Today, a break from all the wine content (but please don’t forget to vote for my LCBO blog challenge entry) for a brief guide to entering your preserves for competition.

To be honest I had never done this before this year. So, take this as a rough beginner’s guide and not as expert and sage advice from on high.

I started my quest for a ribbon by asking We Sure Can! author Sarah Hood for her advice. Sarah was good enough to point me in the direction of fellow WSC contributors Shae Irving and Yvonne Tremblay. Yvonne is a five-time grand champion at The Royal Agricultural Winter Fair (“the big show” for fairs here in Southern Ontario) and Shae has a bunch of posts on her site Hitchhiking to Heaven about entering the Marin County Fair. These include results from this year and results from 2010 with her guide.

With Shae’s advice in hand I made the early decision to start by entering the Beaverton Fall Fair. I’m lucky to have that choice because that’s where the cottage is with the garden that grew some of the produce I preserved. If I’d had to enter the Royal (which I guess is the closest fair for Toronto, where I live) I would have faced much, much stiffer competition.

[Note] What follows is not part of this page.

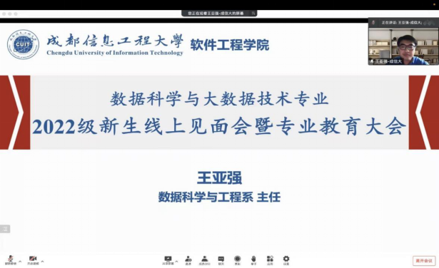 17下午数据科学与大数据技术专业的线上见面会正式开始,首先王亚强老师和罗飞老师对全体22级数据科学与大数据技术专业新生表示欢迎,随后王亚强老师讲解了该专业的概况、师资力量,紧接着以华西医学院临床试验为典例,讲述了本专业在各方面的学习价值以及重要性。王老师鼓励新生用奋斗成就梦想,奋斗本身就是一种幸福的理念,激励每位新生要志存高远,规划好时间,从而才能学好专业知识。最后,两位老师向新生致以四年美好大学生活的祝福。

That’s not to say that I wasn’t a bit intimidated by going up against the ladies of Beaverton (I looked and couldn’t find another guy listed as winning a ribbon in any of the categories) but The Royal is obviously more intense. Not only is prize money ten-times what you get for each place in Beaverton but they even go to the length of vaccuum-testing each entry. (Does anyone know how this works? Shop-vac to the lid and if it comes off you’re disqualified?)

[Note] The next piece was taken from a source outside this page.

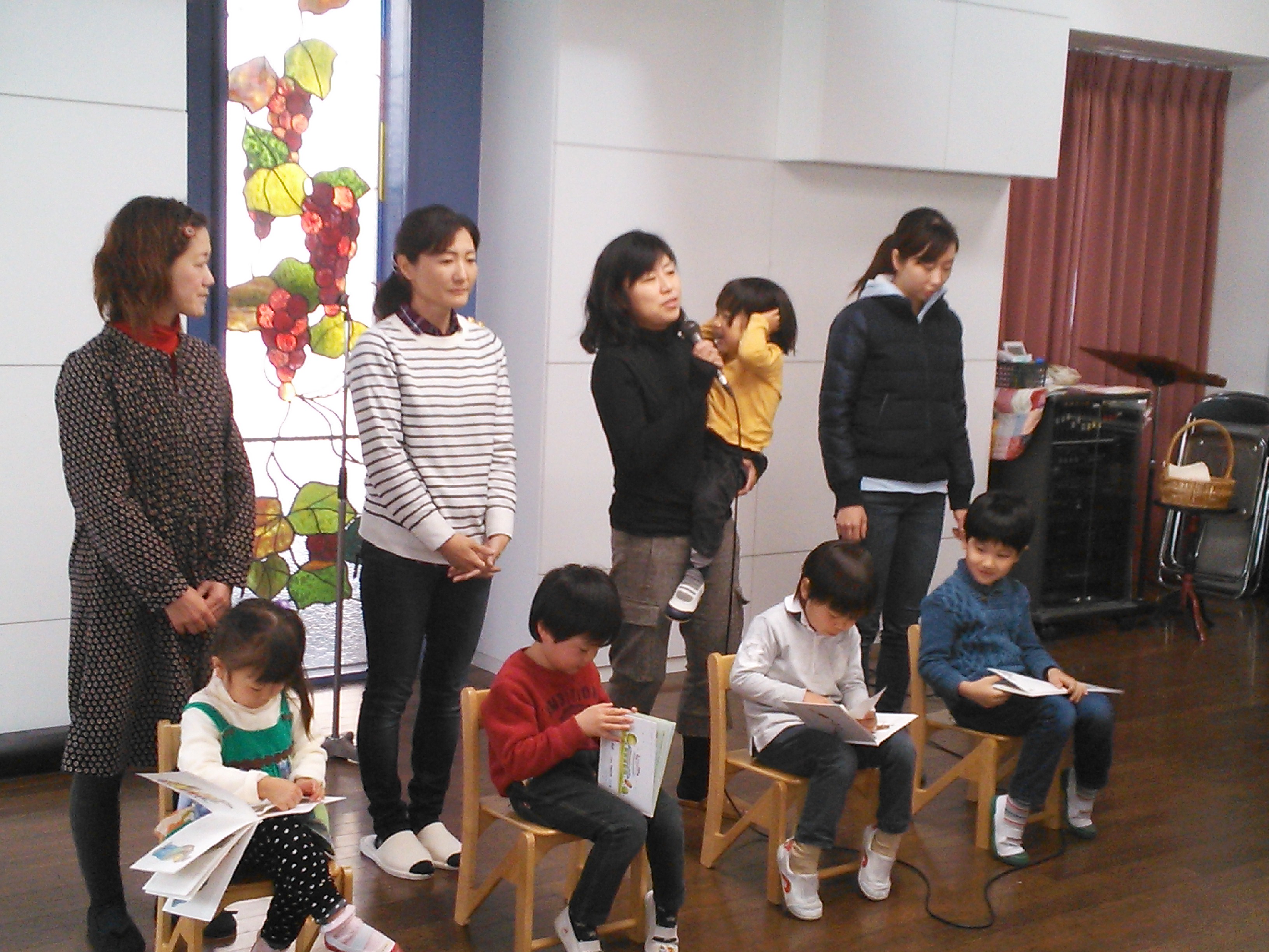 各クラスでお母さまと遊び、礼拝で、神さまに守られて大きくなったことを感謝しました。一人ひとりが素敵なお誕生カードを頂きました、嬉しいですね!

The Royal is also a two-jar fair while Beaverton only requires one. I’m not sure if they open both or not but the problem you face either way is that once open those jars have to go into the fridge and be eaten within about a month or so.

Here lies another good tip: If you’re allowed to, submit entries, especially jams and jellies, in those 125 ml Mason jars. I think these are slightly less likely to have flaws like floating fruit and you’re also sacrificing less of your supply to immediate consumption.

The compeition.

My biggest tip from this year’s experience is to find the category where you’re at your best compared to the competition. My apple jelly won a third-place ribbon because there were only three entries. Entries in categories like strawberry jam, peach jam, peaches in syrup, and dill pickles reached into the double digits. The mustard pickle I entered also faced a limited amount of competition but it’s also a recipe I’ve made a bunch of times and I’m confident is better than average.

My third-place apple jelly. Note the Canadian system where red ribbons go to first place, blue to second, and white to third.

My third-place apple jelly. Note the Canadian system where red ribbons go to first place, blue to second, and white to third.

Finally, as Shae says know the rules. I ran into some problems getting the organisers to send me Beaverton’s detailed rules but it turns out that’s because they don’t really publish them. I turned to the website for the Sunderland Fall Fair (Sunderland is close to Beaverton) for a better idea of judging criteria.

Other than good seals the big things to pay attention to are: proper head space (use your plastic blue ruler-thing if in doubt), clear jellies, proper set, and no foam on the top of jars.

Entries that didn’t win ribbons for me this year were peach-bourbon jam, and my wild grape-wild apple jelly.

Best of luck to everyone who is thinking of entering their preserves in a competition for the first time and please feel free to leave any questions in the comment section below.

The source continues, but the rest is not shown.